Now, the entropy of the space of all possible messages associated with a given ciphertext can be written $H(M|E=E_i)$. From the definition above, Eq. (\ref{entropy}),

H(M|E=E_i) = -\sum_{j}p(M_j|E_i)\log p(M_j|E_i).

This quantifies the average uncertainty that a cryptanalyst has regarding the possible plaintext decryptions of some interecepted ciphertext, $E_i$. We’d like to generalize this, though, so that it doesn’t refer to a specific ciphertext; this way, we can apply it to the entire cryptosystem—the complete space of messages and ciphertexts. So let’s average the conditional entropy $H(M|E=E_i)$ over all possible ciphertexts, $E_i$:
\begin{eqnarray}
H(M|E) &=& \sum_{i}p(E_i)H(M|E=E_i)\nonumber\\
\label{equiv}
&=&-\sum_{ij}p(E_i,M_j)\log p(M_j|E_i).
\end{eqnarray}
This is Shannon’s theoretical secrecy index, the equivocation5 of the message (we can also talk about the equivocation of the key, by summing over all possible keys, $K_k$, in Eq. (\ref{equiv}).) It formalizes the average degree of uncertainty, or ambiguity, regarding the plaintext associated with ciphertext generated by the cryptosystem. We can take Eq. (\ref{equiv}) a little further and write,
\begin{eqnarray}
H(M|E) &=& -\sum_{ij}p(E_i,M_j)\left[\log p(M_j) + \log \frac{p(E_i,M_j)}{p(E_i)p(M_j)}\right] \nonumber \\
\label{equiv2}
&=& H(M) – I(E;M),
\end{eqnarray}
where $I(E;M) = \sum_{i,j}p(E_i,M_j) \log p(E_i,M_j)/p(E_i)p(M_j)$ is the mutual information of plaintext and ciphertext, which is a measure of the amount of information obtained about the plaintext from the ciphertext. Eq. (\ref{equiv2}) succinctly summarizes the information theoretic view of decipherment: the uncertainty about the plaintext is reduced from our initial, broad uncertainty constrained only by knowledge of the language ($H(M)$) through information gleaned from the ciphertext ($I(E;M)$).

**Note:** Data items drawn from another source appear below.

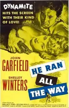 He Ran All the Way is a 1951 American crime drama and film noir directed by John Berry and starring John Garfield and Shelley Winters.[2] Distributed by United Artists, it was produced independently by Roberts Pictures, a company named for Garfield's manager and business partner, Bob Roberts, and bankrolled by Garfield.[3]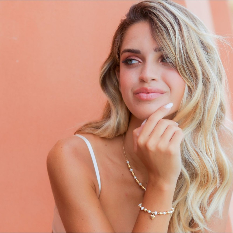 Bracciale da donna Marcello Pane della collezione Mon Amour Bonton. Bracciale in argento 925 PVD oro con perle bianche e pendente a forma di cuore, lunghezza regolabile da 17 a 20 cm. Referenza: BRML 019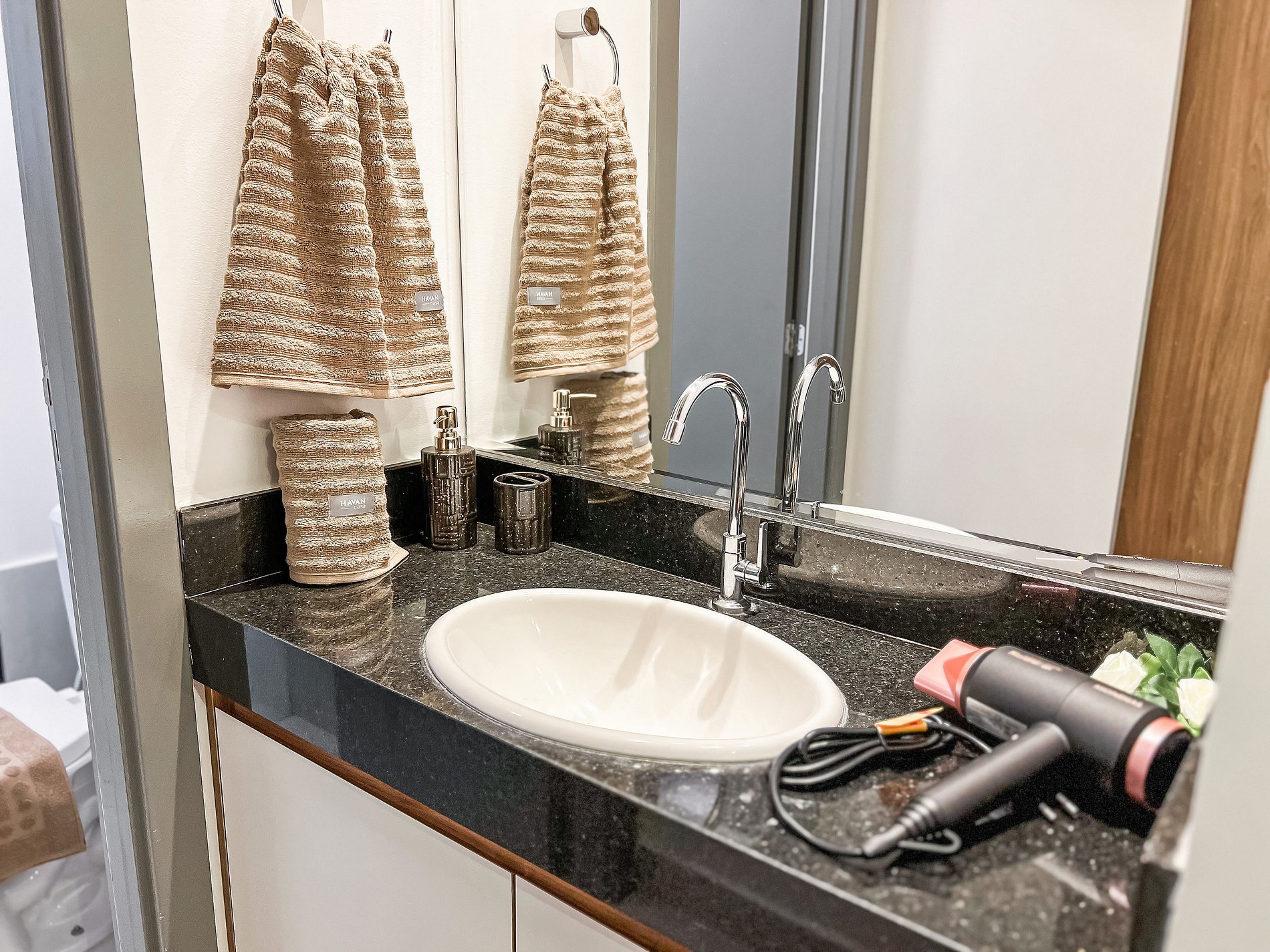 E para facilitar ainda mais, o check-in é moleza! No dia da sua chegada, você vai baixar o app PORTER e cadastrar sua facial para entrar no condomínio e irá receber uma senha para abrir a porta do seu apartamento, sem precisar ficar carregando chaves por aí.

It’s useful to consider the equivocation as a function of $n$, the number of characters of ciphertext received by the cryptanalyst. If the ciphertext does not completely conceal plaintext characteristics, we expect the equivocation to be a decreasing function of $n$ (at least when $n$ isn’t too small) because as the ciphertext grows in length, any regularities and patterns become increasingly apparent and the cryptanalyst grows more and more certain of the range of possible plaintexts. If the ciphertext eventually reveals all of the characteristics of the plaintext language so that $I(E;M) = H(M)$, the equivocation drops to zero and only one plaintext decryption remains. Shannon called the number of ciphertext characters necessary for a unique decryption the unicity distance, $U$. In Figure 3, the message and key equivocations of the simple substitution cipher, in which each plaintext character is encrypted as a unique ciphertext character, is shown6:

Fig 3. Equivocation of English-language message, $H(M|E)$, and key, $H(K|E)$, as a function of the number of letters, $n$, in the intercepted ciphertext for a simple substitution cipher. The unicity distance, $U$, is marked. This figure is based on a recreation of Fig. 9 in [1].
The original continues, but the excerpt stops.